The "rape" scene didn't work for me at all. Not for a minute. Again, it seems an obvious plot contrivance. I think it would have worked better (given that the point of the scene was to allow photos to be taken) if Basinger had been the aggressor.
Oh, and I am somewhat torn between praising the excellent cinematography and arguing the movie should have been in Black & White. Color photography diminishes noir, and neo-noir.
And last, how did Bud White survive that final shoot-out? Didn't Cromwell shoot him in the face, point blank? What, is this some sort of mystical Jules and Vince moment? Movie ends better with him dead, I think.
But still, great acting and dialog. The screenplay is intelligent and suspenseful; wonderfully shot, great music. That I still rate the film as highly as I do, with these problems, is a testament to how superb the rest of the film is.
This Is Why We Go To Movies
Spoilers To me the interesting thing about the movie is the introduction, about half way through the movie, of the Gunderson family. Until that point, the movie was a very well done thriller, reminding me strongly of the Coen Brothers' first film, Blood Simple, in the way it followed the long, obvious unraveling of a crime, every little mistake being far more obvious to the viewers than the characters. And then suddenly, the movie has a moral center to contrast the darkness of the plot.

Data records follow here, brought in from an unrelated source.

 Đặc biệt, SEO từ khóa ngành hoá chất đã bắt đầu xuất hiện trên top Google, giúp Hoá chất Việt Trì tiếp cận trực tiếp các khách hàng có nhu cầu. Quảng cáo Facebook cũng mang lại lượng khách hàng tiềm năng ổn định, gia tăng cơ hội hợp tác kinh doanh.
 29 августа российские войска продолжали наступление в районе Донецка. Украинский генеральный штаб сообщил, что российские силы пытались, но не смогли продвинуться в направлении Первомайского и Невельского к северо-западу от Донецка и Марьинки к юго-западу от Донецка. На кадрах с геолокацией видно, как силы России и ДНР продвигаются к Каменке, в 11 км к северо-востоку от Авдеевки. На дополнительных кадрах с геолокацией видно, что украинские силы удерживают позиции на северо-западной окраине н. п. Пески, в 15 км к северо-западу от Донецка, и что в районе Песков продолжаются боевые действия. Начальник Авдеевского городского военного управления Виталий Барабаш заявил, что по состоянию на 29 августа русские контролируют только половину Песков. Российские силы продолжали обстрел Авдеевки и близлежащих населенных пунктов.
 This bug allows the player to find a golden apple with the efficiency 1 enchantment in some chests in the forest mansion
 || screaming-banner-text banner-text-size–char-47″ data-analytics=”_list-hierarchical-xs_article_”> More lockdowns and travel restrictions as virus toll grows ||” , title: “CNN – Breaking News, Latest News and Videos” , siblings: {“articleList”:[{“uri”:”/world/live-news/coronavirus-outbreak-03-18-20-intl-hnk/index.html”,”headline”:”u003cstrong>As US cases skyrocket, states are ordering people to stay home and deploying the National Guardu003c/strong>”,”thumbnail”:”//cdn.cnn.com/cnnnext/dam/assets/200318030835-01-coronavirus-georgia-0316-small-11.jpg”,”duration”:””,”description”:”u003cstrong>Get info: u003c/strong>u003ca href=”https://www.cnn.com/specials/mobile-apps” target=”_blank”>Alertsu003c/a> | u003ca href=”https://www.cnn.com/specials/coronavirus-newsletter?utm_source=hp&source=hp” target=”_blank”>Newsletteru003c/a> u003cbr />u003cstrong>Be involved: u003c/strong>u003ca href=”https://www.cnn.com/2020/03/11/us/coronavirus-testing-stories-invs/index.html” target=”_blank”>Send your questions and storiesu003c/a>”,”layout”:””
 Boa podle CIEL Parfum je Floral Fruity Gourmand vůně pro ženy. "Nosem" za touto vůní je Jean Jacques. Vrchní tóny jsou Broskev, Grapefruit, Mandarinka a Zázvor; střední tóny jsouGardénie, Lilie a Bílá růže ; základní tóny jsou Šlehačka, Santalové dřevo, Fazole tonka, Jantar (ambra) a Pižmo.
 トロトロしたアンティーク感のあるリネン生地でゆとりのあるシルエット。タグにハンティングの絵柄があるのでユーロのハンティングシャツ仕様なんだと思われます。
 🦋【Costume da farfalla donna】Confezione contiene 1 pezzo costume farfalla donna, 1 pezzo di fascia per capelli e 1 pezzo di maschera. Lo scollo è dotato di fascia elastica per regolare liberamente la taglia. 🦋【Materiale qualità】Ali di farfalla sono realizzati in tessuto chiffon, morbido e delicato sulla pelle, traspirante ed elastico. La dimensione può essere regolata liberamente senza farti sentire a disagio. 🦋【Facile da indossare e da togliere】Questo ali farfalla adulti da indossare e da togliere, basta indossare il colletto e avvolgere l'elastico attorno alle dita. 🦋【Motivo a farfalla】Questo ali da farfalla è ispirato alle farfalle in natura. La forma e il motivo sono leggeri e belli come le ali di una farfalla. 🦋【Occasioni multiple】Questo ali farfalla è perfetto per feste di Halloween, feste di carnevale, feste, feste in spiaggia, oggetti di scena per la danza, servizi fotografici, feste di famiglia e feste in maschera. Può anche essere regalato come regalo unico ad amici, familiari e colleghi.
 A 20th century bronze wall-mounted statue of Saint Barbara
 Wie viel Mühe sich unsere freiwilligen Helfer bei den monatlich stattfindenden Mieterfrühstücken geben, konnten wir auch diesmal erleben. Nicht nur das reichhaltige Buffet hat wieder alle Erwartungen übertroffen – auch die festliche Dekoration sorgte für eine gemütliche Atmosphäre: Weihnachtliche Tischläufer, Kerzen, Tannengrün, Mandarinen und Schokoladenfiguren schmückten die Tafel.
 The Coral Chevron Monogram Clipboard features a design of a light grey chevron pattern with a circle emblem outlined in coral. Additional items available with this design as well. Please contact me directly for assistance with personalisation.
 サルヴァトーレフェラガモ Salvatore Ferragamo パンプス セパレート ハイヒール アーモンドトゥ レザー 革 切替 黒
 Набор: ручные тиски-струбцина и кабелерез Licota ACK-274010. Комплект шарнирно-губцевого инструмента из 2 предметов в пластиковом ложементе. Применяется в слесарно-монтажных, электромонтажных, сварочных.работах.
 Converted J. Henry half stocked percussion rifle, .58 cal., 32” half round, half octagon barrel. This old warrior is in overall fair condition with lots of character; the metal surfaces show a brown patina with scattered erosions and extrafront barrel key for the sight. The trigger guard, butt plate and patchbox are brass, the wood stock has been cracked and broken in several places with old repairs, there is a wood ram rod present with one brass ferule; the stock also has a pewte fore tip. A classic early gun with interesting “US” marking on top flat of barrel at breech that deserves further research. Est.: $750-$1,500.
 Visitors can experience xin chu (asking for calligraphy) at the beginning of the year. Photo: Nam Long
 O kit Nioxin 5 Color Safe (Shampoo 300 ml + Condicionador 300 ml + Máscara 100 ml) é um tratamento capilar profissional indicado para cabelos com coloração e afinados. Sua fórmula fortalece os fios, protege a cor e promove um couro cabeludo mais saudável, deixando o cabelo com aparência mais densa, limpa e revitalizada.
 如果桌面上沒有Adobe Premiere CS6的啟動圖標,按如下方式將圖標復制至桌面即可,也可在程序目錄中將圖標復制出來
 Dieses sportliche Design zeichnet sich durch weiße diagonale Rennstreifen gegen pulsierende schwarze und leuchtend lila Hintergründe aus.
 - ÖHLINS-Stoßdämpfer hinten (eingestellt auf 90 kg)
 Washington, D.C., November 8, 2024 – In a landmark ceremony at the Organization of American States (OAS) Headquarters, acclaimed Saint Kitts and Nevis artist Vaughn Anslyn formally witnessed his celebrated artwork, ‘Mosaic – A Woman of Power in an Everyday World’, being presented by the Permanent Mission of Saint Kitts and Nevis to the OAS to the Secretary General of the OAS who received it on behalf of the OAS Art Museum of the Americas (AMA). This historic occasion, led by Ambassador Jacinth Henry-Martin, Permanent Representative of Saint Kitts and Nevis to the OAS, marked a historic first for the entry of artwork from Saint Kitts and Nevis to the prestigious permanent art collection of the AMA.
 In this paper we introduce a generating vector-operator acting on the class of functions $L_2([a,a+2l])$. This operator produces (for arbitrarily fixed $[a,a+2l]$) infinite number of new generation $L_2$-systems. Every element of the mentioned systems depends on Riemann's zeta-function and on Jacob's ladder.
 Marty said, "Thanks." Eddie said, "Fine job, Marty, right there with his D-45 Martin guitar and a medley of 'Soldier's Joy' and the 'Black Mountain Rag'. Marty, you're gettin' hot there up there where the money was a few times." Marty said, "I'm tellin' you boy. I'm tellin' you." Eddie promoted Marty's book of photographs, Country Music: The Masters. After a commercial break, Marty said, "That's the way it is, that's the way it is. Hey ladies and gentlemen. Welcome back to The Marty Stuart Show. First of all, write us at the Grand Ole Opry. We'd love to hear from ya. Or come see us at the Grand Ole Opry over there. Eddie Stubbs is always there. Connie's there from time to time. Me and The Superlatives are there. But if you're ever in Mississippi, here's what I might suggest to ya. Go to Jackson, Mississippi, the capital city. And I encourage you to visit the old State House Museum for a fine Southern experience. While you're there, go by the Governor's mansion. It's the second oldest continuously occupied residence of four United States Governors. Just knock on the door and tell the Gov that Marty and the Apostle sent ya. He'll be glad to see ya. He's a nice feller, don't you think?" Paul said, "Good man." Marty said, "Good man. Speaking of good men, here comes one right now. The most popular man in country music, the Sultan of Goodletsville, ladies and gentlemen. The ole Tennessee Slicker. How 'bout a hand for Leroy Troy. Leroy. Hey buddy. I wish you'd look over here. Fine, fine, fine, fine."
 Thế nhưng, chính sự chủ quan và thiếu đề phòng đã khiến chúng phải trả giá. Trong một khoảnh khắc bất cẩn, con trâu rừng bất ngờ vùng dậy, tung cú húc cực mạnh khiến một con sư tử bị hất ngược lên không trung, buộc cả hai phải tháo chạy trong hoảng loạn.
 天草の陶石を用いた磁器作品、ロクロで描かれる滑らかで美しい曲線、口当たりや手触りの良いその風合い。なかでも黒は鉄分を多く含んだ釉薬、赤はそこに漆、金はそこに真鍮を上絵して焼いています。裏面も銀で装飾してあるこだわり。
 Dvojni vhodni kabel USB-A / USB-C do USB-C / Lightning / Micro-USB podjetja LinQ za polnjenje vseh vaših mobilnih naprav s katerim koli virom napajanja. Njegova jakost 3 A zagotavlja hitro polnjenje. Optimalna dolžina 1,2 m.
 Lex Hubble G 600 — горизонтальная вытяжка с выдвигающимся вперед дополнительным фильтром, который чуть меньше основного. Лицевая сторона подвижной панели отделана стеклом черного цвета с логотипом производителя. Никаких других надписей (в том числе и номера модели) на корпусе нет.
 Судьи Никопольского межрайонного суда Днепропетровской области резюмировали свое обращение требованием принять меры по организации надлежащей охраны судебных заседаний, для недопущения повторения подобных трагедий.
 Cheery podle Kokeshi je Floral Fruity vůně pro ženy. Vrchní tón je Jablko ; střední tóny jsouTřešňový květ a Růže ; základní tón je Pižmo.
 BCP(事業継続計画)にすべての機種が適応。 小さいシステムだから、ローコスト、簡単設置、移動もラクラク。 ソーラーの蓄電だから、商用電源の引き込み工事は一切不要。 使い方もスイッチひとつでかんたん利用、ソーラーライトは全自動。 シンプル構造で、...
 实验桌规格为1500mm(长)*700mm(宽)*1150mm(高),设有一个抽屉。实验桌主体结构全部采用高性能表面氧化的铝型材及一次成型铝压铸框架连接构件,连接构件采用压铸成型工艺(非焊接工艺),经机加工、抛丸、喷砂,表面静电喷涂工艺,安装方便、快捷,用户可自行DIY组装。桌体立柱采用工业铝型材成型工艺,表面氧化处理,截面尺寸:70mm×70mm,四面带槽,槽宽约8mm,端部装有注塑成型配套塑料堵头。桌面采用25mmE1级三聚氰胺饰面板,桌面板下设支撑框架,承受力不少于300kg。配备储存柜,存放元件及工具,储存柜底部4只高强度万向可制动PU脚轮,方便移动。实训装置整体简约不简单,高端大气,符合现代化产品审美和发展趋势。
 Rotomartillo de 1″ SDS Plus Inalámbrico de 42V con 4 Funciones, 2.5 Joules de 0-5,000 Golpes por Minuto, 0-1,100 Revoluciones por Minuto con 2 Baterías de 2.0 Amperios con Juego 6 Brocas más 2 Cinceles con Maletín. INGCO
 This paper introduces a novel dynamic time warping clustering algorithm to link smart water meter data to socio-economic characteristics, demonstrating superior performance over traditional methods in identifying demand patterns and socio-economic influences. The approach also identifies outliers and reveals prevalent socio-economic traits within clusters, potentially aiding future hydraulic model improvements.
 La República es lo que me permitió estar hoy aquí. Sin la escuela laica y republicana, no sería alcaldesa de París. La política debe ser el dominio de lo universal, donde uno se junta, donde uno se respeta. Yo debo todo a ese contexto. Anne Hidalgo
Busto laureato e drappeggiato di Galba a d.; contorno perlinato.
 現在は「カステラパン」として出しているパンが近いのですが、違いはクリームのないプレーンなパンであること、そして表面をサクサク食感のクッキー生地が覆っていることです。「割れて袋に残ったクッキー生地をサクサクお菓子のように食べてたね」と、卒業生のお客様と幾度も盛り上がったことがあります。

At first Margie seems to be almost a cartoon rather than a person, but what you realize over the course of the movie is that what she is is human: good at her job, loving to her husband, kind to her coworkers and subordinates, just... nice. And she wraps up the crime at the end with a great little speech emphasizing the human view, without us even realizing that it is that... For a little bit of money. And here you are. And it's a beautiful day. And, well, I just don't understand it. Now that you put it that way, neither do I.
This is a movie that is almost uniformly excellent; the cast, headed by Macy, MacDormand and Buscemi, is perfect - I cannot think of any other actors who would be better for the lead roles. The script is spot on in the way it sees and develops its characters, and the way people actually talk. The Coen Brothers' taste for the quirky qua quirky is much more muted here, but it still adds just the right touch of the other to keep the movie riveting. And the cinematography catches the vast empty whiteness of the northern winter perfectly.
Everything that brings me to movies is in here: great acting, great dialogs, surprises, amusement, shock, beauty, harshness, humanity.